New Federal Fraud Lawsuit Filed: Hollingsworth v. Sanofi et al.

Filed December 11, 2025 — U.S. District Court, District of Oregon

Case No. 3:25-cv-2308-SB

On December 11, 2025, I filed a new federal lawsuit in the United States District Court for the District of Oregon against Sanofi-Aventis U.S. LLC, Chattem Inc., Quten Research Institute LLC, AMJ Services LLC, and Steven S. Dickert, in his capacity as Trustee of Basil Management Trust.

This case is not a wage dispute. It is a federal fraud and concealment action that arose only after a routine unpaid-wage issue exposed a much broader corporate structure operating behind the “Direct Demo” brand.

How This Case Began

The matter originated as a claim for approximately $637.15 in unpaid wages following my work as a W-2 product demonstrator inside Oregon Costco warehouses. When the entity listed on my paystubs—DRVM LLC—failed to pay, I reviewed public records to determine who was legally responsible.

That review showed that DRVM LLC was a revoked and unregistered shell entity during my entire period of employment. Further investigation revealed that DRVM was part of a larger, long-running network of Nevada-based entities sharing the same address, officers, trust ownership, and operational functions.


What the Investigation Revealed

The complaint alleges that a single, unified enterprise operated through layers of shell companies and trusts to conceal the identity of the true employer while directing a nationwide demonstrator workforce. According to public filings, payroll records, and corporate registrations:

• Multiple entities tied to the workforce shared the same Nevada address and officers.

• Employee-facing systems, training materials, and handbooks identified companies different from the entity listed on wage and tax documents.

• Payroll for different product lines was commingled and routed through defunct or inactive entities.

• After whistleblower disclosures and arbitration filings, the same shell entities were retroactively activated across multiple states, rather than being lawfully registered during the time employees were working.


The investigation further traced operational and financial control upstream to Sanofi-Aventis U.S., through its subsidiaries Chattem and Quten, following Sanofi’s 2023 acquisition of Quten Research Institute.


Multi-Forum Proceedings and Why This Case Is Separate

Before this filing, related issues were pending in:

• JAMS arbitration, limited solely to a narrow wage claim against DRVM LLC;

• A Department of Labor Taxpayer First Act retaliation proceeding, arising from federal whistleblower disclosures; and

• A prior petition to compel arbitration in federal court.

On November 24, 2025, the Court ruled that only DRVM LLC could be compelled to arbitrate—and only on the narrow wage issue—because the other entities were not signatories to the arbitration agreement.
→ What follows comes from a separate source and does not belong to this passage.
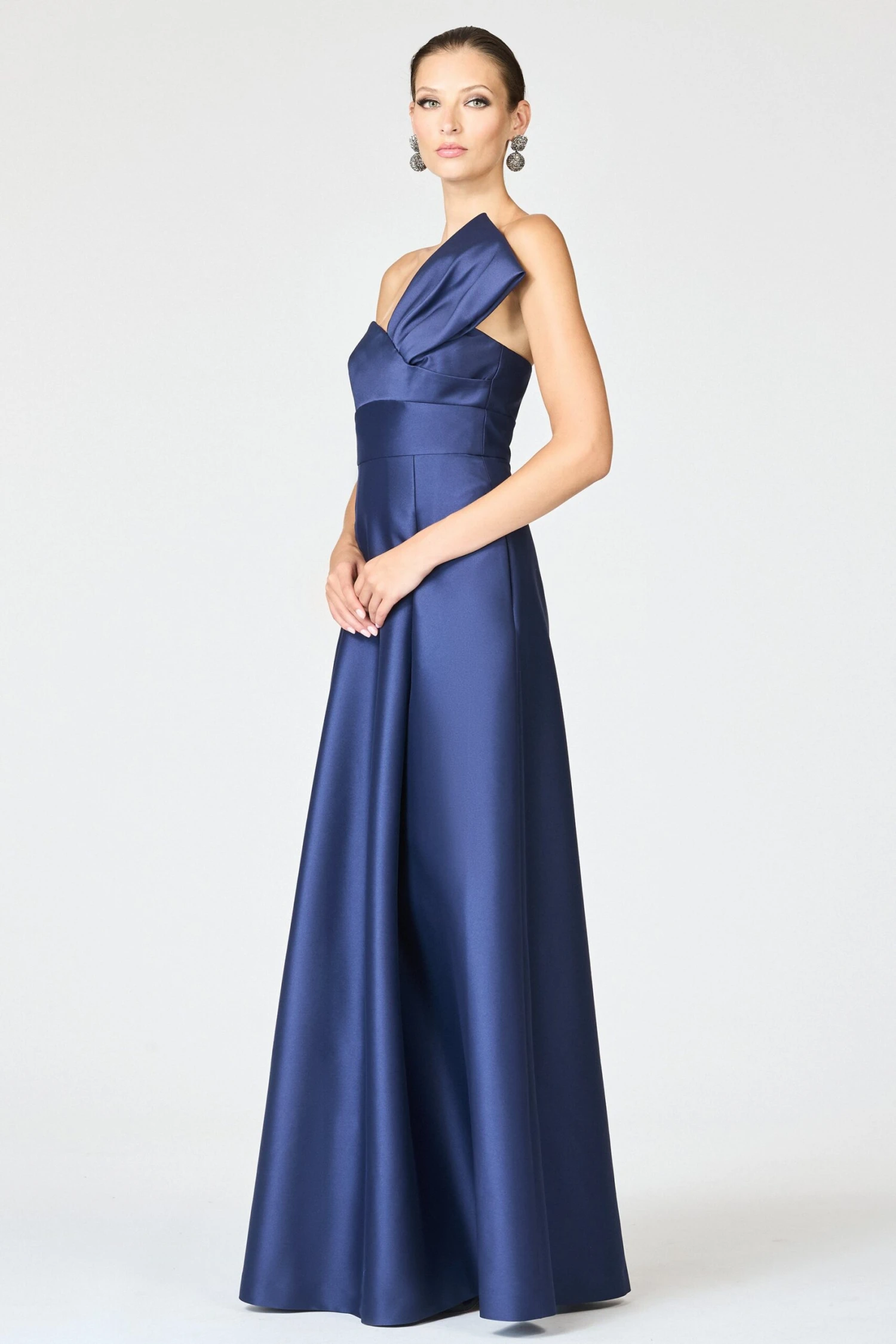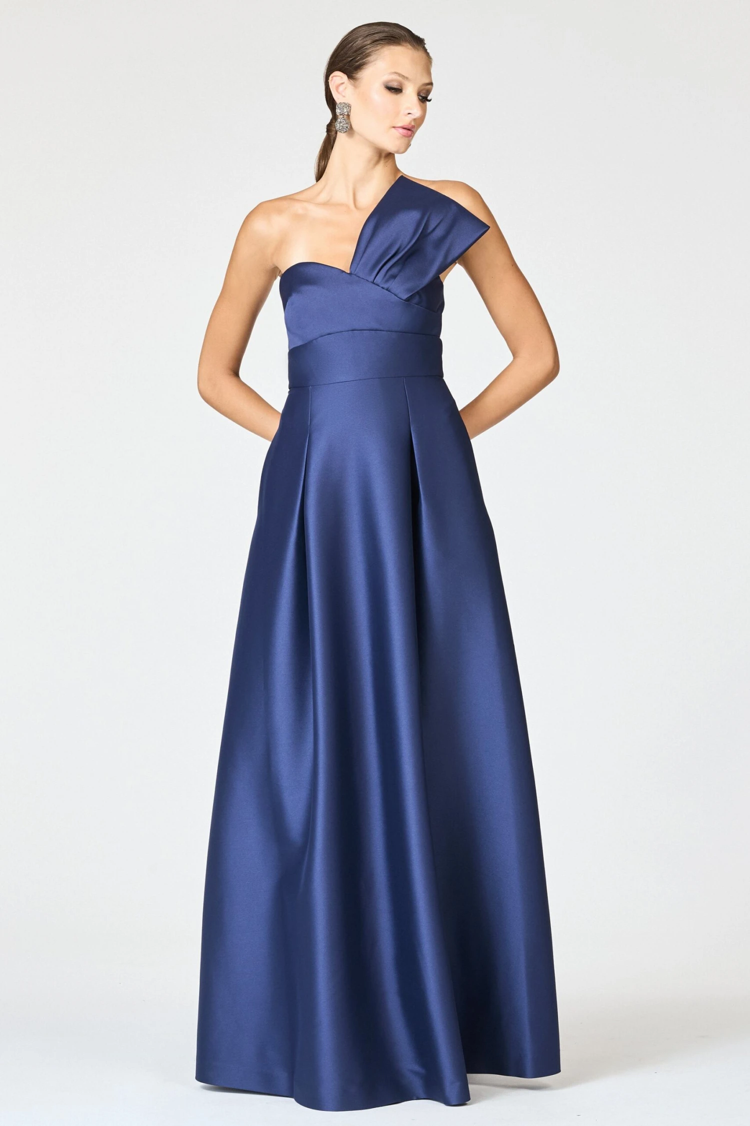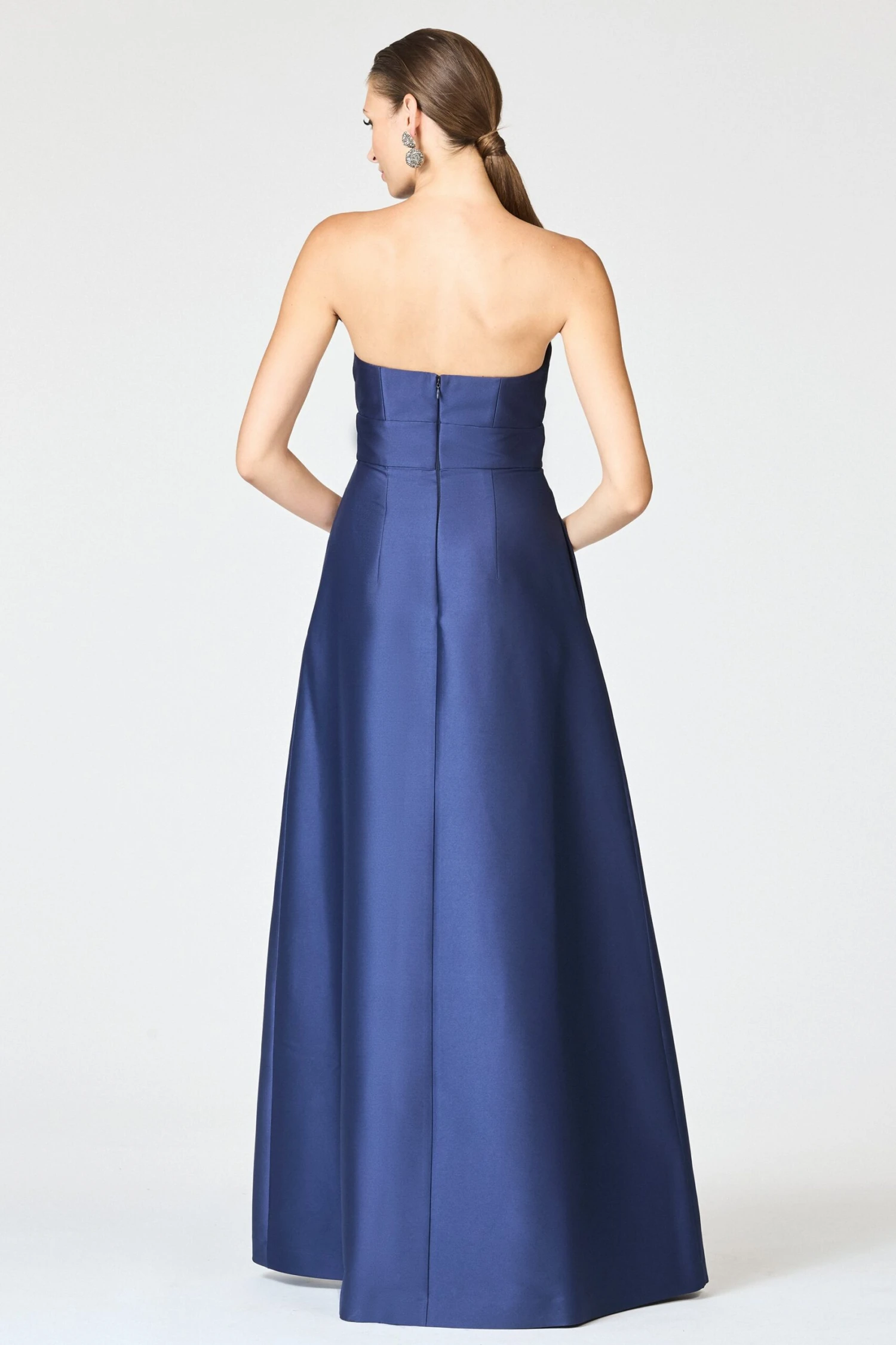 Sculptural and sophisticated, the Stephie Gown is a study in modern evening elegance. Cut from lustrous satin in a rich shade of Night Sky, this floor-length silhouette features a dramatic strapless neckline with a softly pleated accent that frames the décolletage. The bodice is precisely tailored with a wide waistband to define the waist, while deep pleats give the A-line skirt structure and movement. Striking in its simplicity, the Stephie Gown is an elevated choice for black-tie occasions and formal celebrations alike.
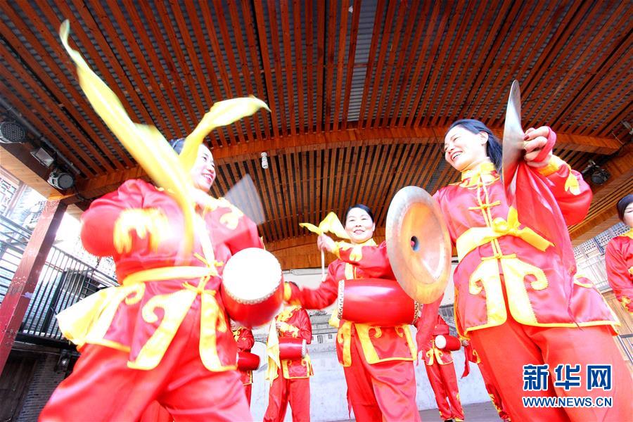 2月5日,浙江台州市路桥区路桥街道古街社区的居民在表演民俗节目。 新华社发(蒋友亲 摄)

That ruling left all enterprise-level issues, including fraud, concealment, alter-ego liability, and civil conspiracy, outside arbitration and appropriate only for judicial review.

This new lawsuit addresses conduct that cannot be resolved in arbitration or administrative proceedings, including:

• Concealment of the true employer’s identity;

• Use of dissolved or unregistered entities to issue wage and tax documents;

• Coordinated corporate restructuring following whistleblower activity; and

• Contradictory representations made across arbitration, federal court, and the Department of Labor.


What This Case Seeks to Address

The complaint asserts claims for fraud, fraudulent concealment, civil conspiracy, alter-ego liability, and successor liability, and seeks to hold the upstream controllers of the enterprise accountable for conduct carried out through shell entities and trust-controlled companies.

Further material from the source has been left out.